The design of mixed-signal circuit PCBs is very complex. The layout and routing of components and the handling of power and ground wires will directly affect circuit performance and EMC performance. This article describes ground and power partitioning designs that can optimize the performance of mixed-signal circuits.
How to reduce the mutual interference between digital signals and analog signals? Before designing, you must understand the two basic principles of electromagnetic compatibility (EMC): one is to reduce the area of the current loop as much as possible; the other is to use only one reference plane in the system. On the contrary, if there are two reference planes in the system, a dipole antenna may be formed (note: the radiation size of a small dipole antenna is proportional to the length of the line, the current flowing and the frequency); if the signal cannot pass through the smallest possible loop path back, a large loop antenna may be formed. The current in the loop is proportional to the square of the frequency. These two situations should be avoided in design.
It is recommended that digital and analog grounds be separated on mixed-signal circuit boards to achieve isolation between digital and analog grounds. While feasible, this approach has many potential problems, especially in complex, large-scale systems. The key issue is that routing across split gaps is impossible. Once crossed, electromagnetic radiation and signal crosstalk will increase rapidly. A common problem in PCB design is EMI problems caused by signal lines crossing the ground or power supply.
We use the above segmentation method, and the signal line passes through the gap between the two grounds. What is the return path for the signal current? Suppose two separate grounds are connected somewhere (usually a single point at some location). In this case, the ground current will form a large loop. High frequency currents flowing through large loops produce radiation and high ground inductance. If the current flowing through the large loop is a low-level analog current, the current is susceptible to interference from external signals. Even worse, when separate grounds are connected together at the power supply, a very large current loop is created. Additionally, connecting analog and digital via long wires will form a dipole antenna.
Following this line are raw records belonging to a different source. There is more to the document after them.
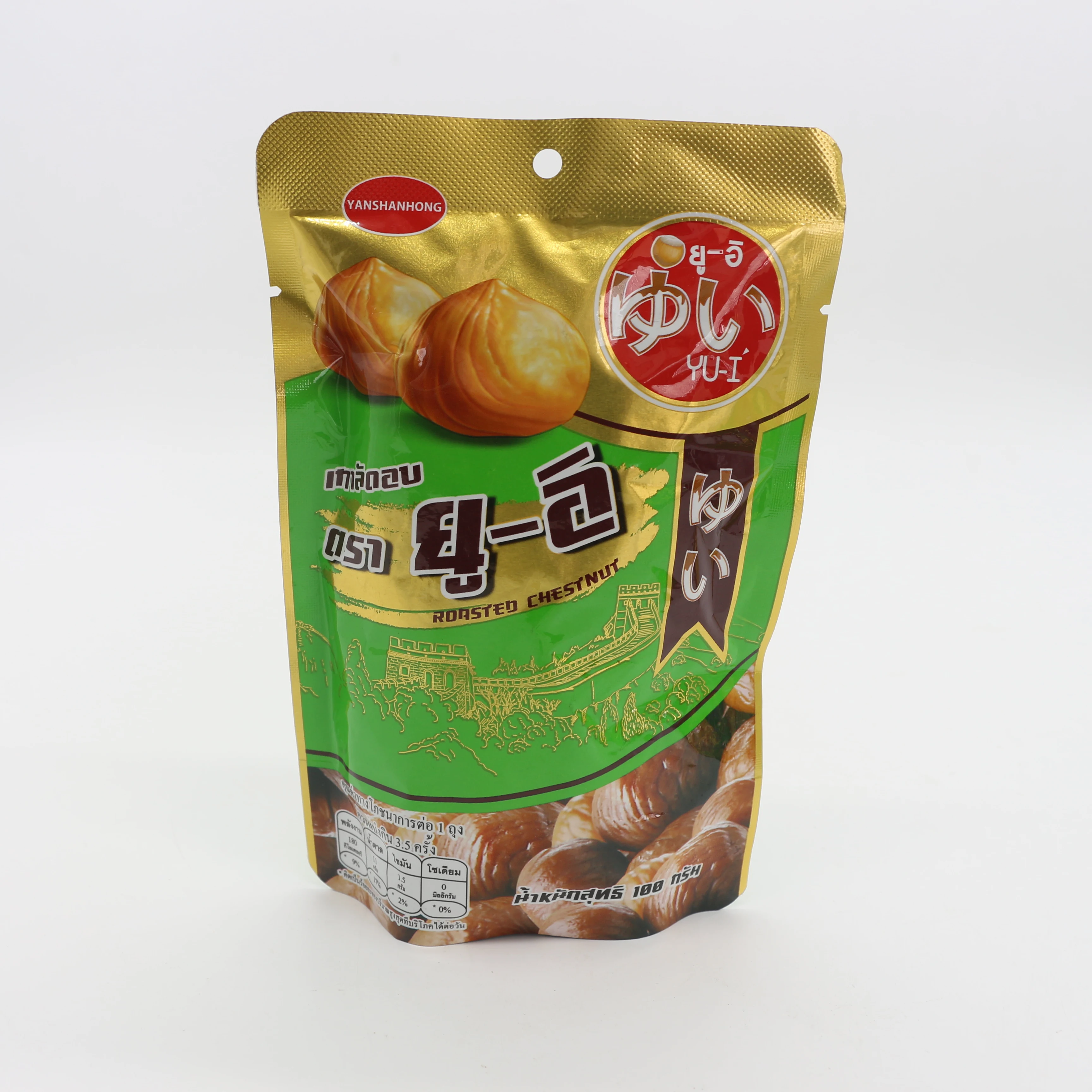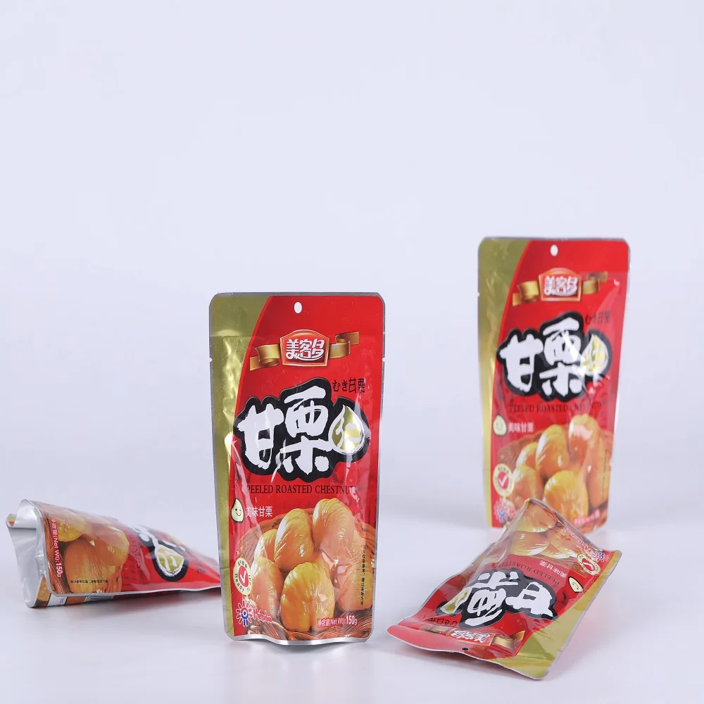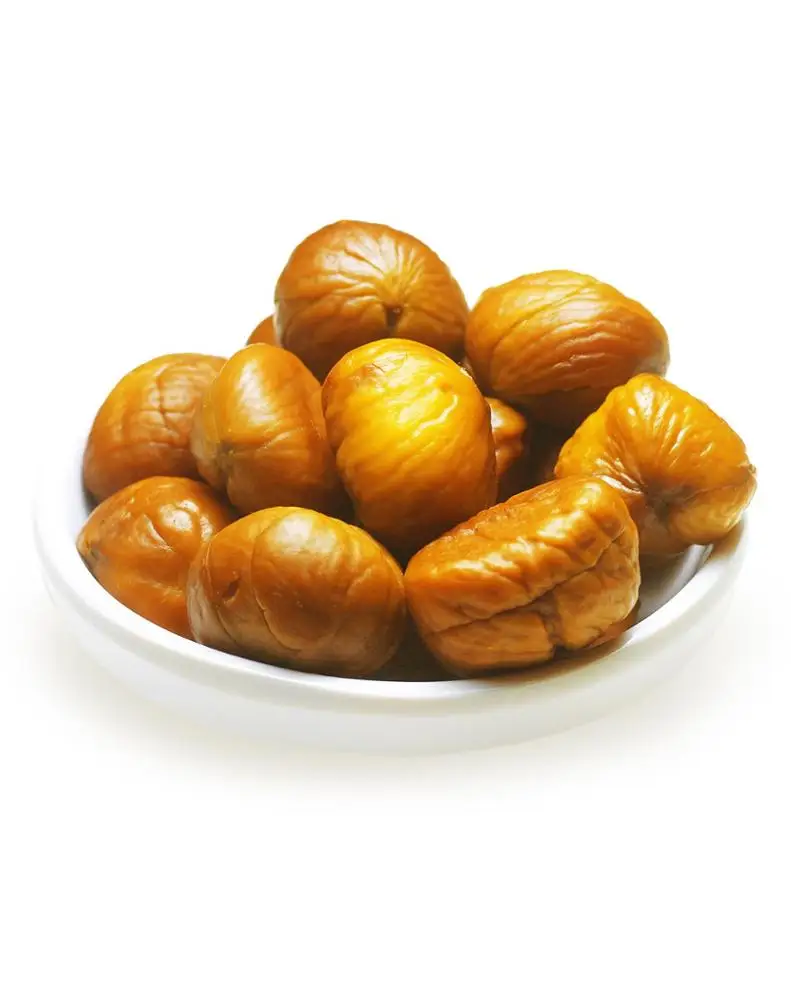 Chinese Peeled chestnut produced by our company is made of fresh chestnuts from our planting base. Special advantages of geography and climate in Qianxi make chestnuts have unique features. Roasted Peeled chestnuts, using frozen shelled chestnuts, are produced by pouring in, weight, vacuumizing, filling Nitrogen, sealing, killing bacteria with high temperature and high press. The whole process is executed under total enclosed asepsis environment.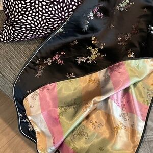 Beautiful Y2K, TANGYI brand, Asian Fashion inspired, full length, short sleeve dress with intricate cloth buttons with knot ends that snap a diagonal chest piece closed. The inside of the fabric is beautiful pastel stripes that show the other side of the floral pattern on the outside and it shows through when you walk. The outer flowers are stitched with a shiny, metallic thread. I got this dress at a very eccentric shop in Los Angeles. The tag says it’s a size 42. I would call it a Medium. This very captivating dress has slits at the bottom on both sides.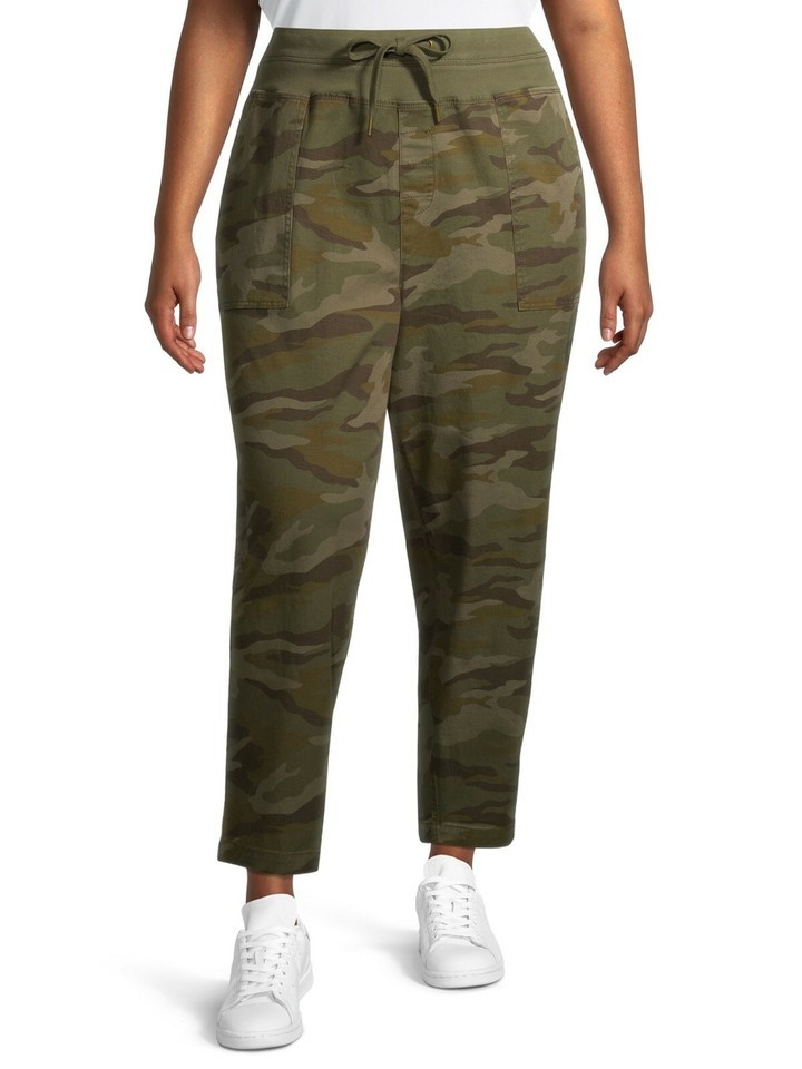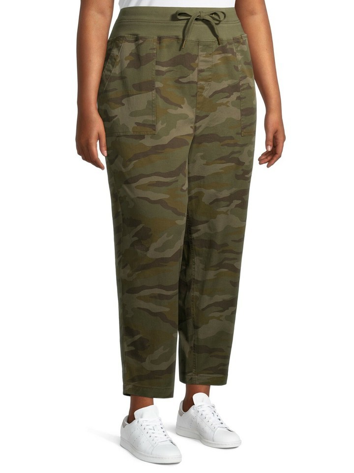 Terra & Sky Women's Plus Cargo Utility Capri Pants Size 1X (16-18W) Green Camo
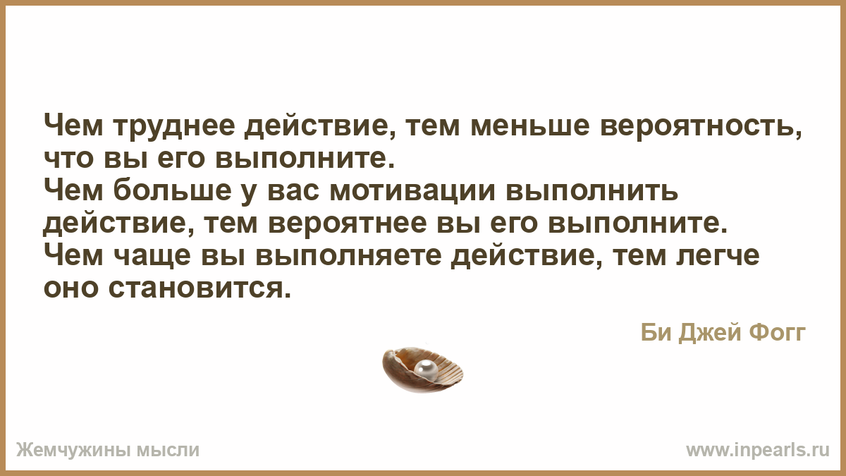 Чем больше у вас мотивации выполнить действие, тем вероятнее вы его выполните.

Understanding the path and manner in which current returns to ground is key to optimizing mixed-signal circuit board designs. Many design engineers only consider where the signal current flows and ignore the specific path of the current. If the ground layer must be divided, wiring must be carried out through the gap between the partitions. A single point connection can be made between the divided ground layers to form a connecting bridge between the two ground layers, and then the wiring is carried out through the connecting bridge. This provides a DC loop under each signal line, resulting in a small loop area.
Opto-isolating devices or transformers can also be used to span the gap. In the former, the optical signal passes through the gap, while in the case of a transformer, the magnetic field passes through the gap. Another possible approach is to use differential signaling: signals flow in from one line and return from another line, in which case they don't need to be used as return paths.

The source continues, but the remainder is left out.